Staruszka pokręciła głową. Pod oknami jej domu tłoczyła cię praktycznie cała wioska. Trudno było im się dziwić. Dni w Sennej Dolnie mijały wolno i przeważnie na niczym. Pojawienie się kogoś nowego zawsze wzbudzało ciekawość.
- My digimorfujemy z poziomu rookie na champion - zaczął czerwony królik. - A on - wskazał na gryfa: - Jest na poziomie armor.

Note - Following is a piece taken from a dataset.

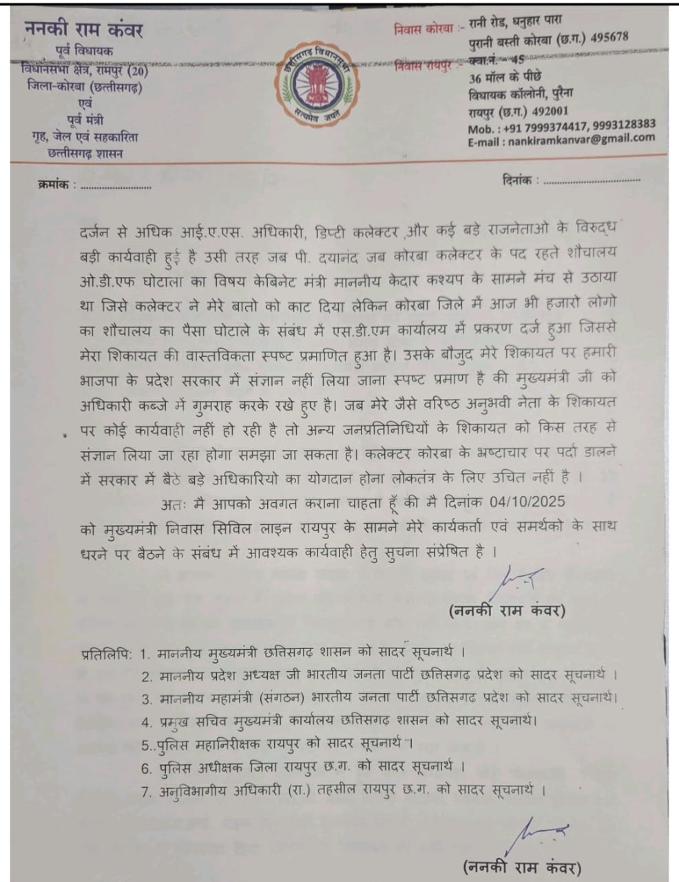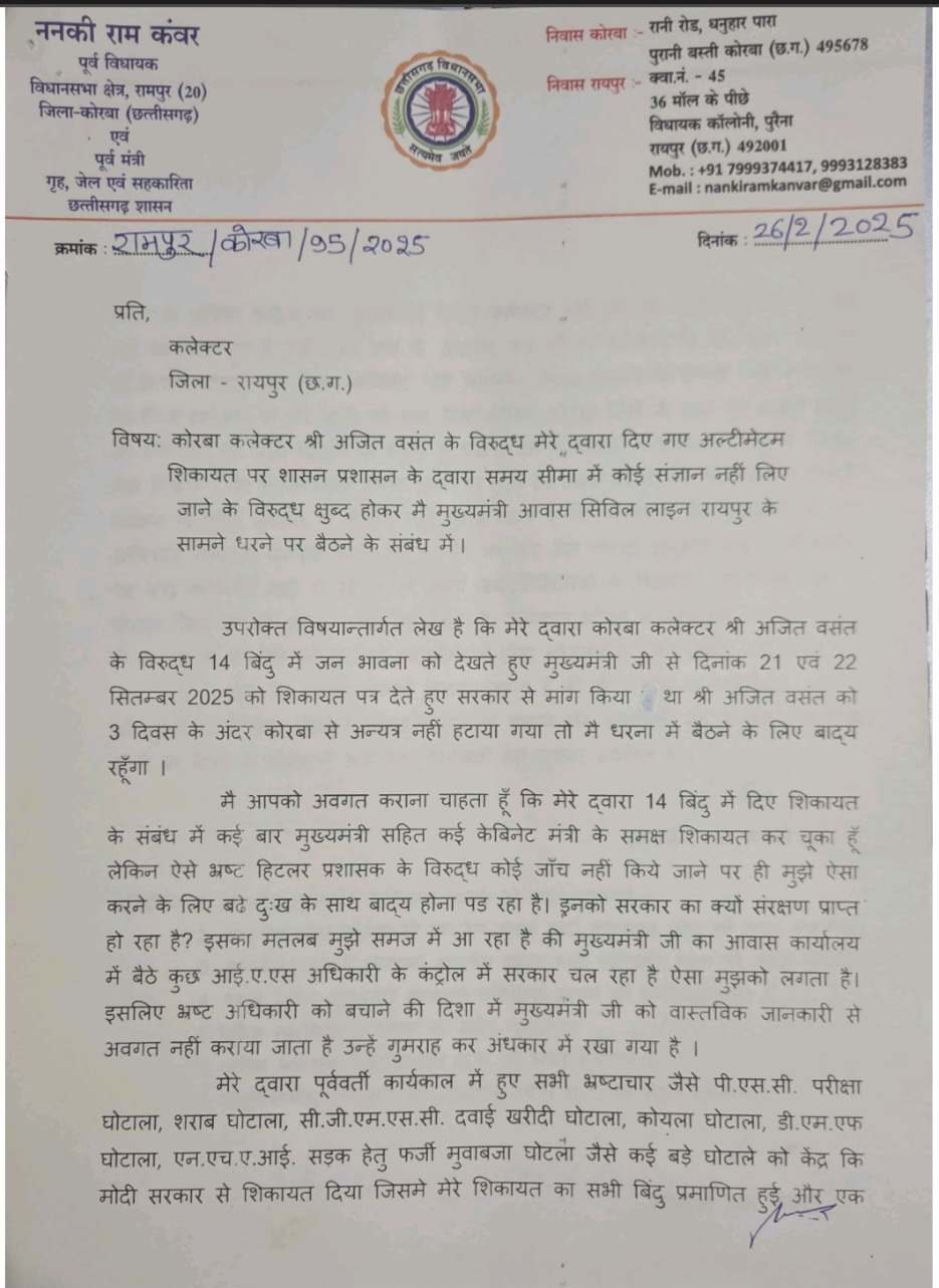 कोरबा। अल्टीमेटम के बाद भी कोरबा कलेक्टर अजीत वसंत के खिलाफ शिकायत पर कार्रवाई नहीं होने ,तबादला नहीं किए जाने ,संरक्षण से आहत पूर्व गृहमंत्री ननकीराम कंवर अपनी ही भाजपा सरकार के खिलाफ धरना देंगे।उन्होंने 4 अक्टूबर से मुख्यमंत्री कार्यालय के सामने धरना देने का ऐलान कर दिया है। जिसकी लिखित सूचना रायपुर कलेक्टर को दे दी है।

Widząc jednak niezrozumienie na twarzach słuchaczy wyjaśnił krótko:
- Armor to w pewnym sensie odpowiednik naszego championa.
- Umiejętność takiej przemiany zyskują jedynie digimony zamieszkujące Miasto Obrony - dopowiedziała Babamon.
- Jest dobry czy zły? - zapytał Jason.
- Nie musicie się obawiać - odparła staruszka. - Digimony pochodzące z Miasta Obrony z natury są pokojowymi stworzeniami.
- Myślicie, że mógłby być moim partnerem? - zapytał nieśmiało Bobby.
- To chyba tak nie działa - westchnęła Lauren kończąc opatrywanie digimonowego skrzydła.
W tym samym momencie stwór obudził się. W pierwszym odruchu spróbował wzbić się w powietrze uderzając przy tym w sufit. Wszystko się zatrzęsło. Stworki tłoczące się przy drzwiach i oknach natychmiast zaczęły uciekać.
- Uspokój się! - zawołał Jason. - Nic ci nie grozi.
Gryf rozejrzał się. Znajdował się we wnętrzu chaty. Naprzeciw niego stała staruszka oraz trzy dziwne istoty nieprzypominające cyfrowych potworów. Dwie kolejne w towarzystwie kilku digimonów na poziomie rookie stały w progu i bacznie go obserwowały.
- Ja... - przemówił. - Szukam Sennej Osady.
- Witamy! - zawołał nieco złośliwie Gazimon.
- Szukam Babamon - odparł niczym niezrażony.
Staruszka skinęła głową na przywitanie.
- Jestem Halsemon - przedstawił się. - Przysyła mnie mój mistrz, Oryxmon.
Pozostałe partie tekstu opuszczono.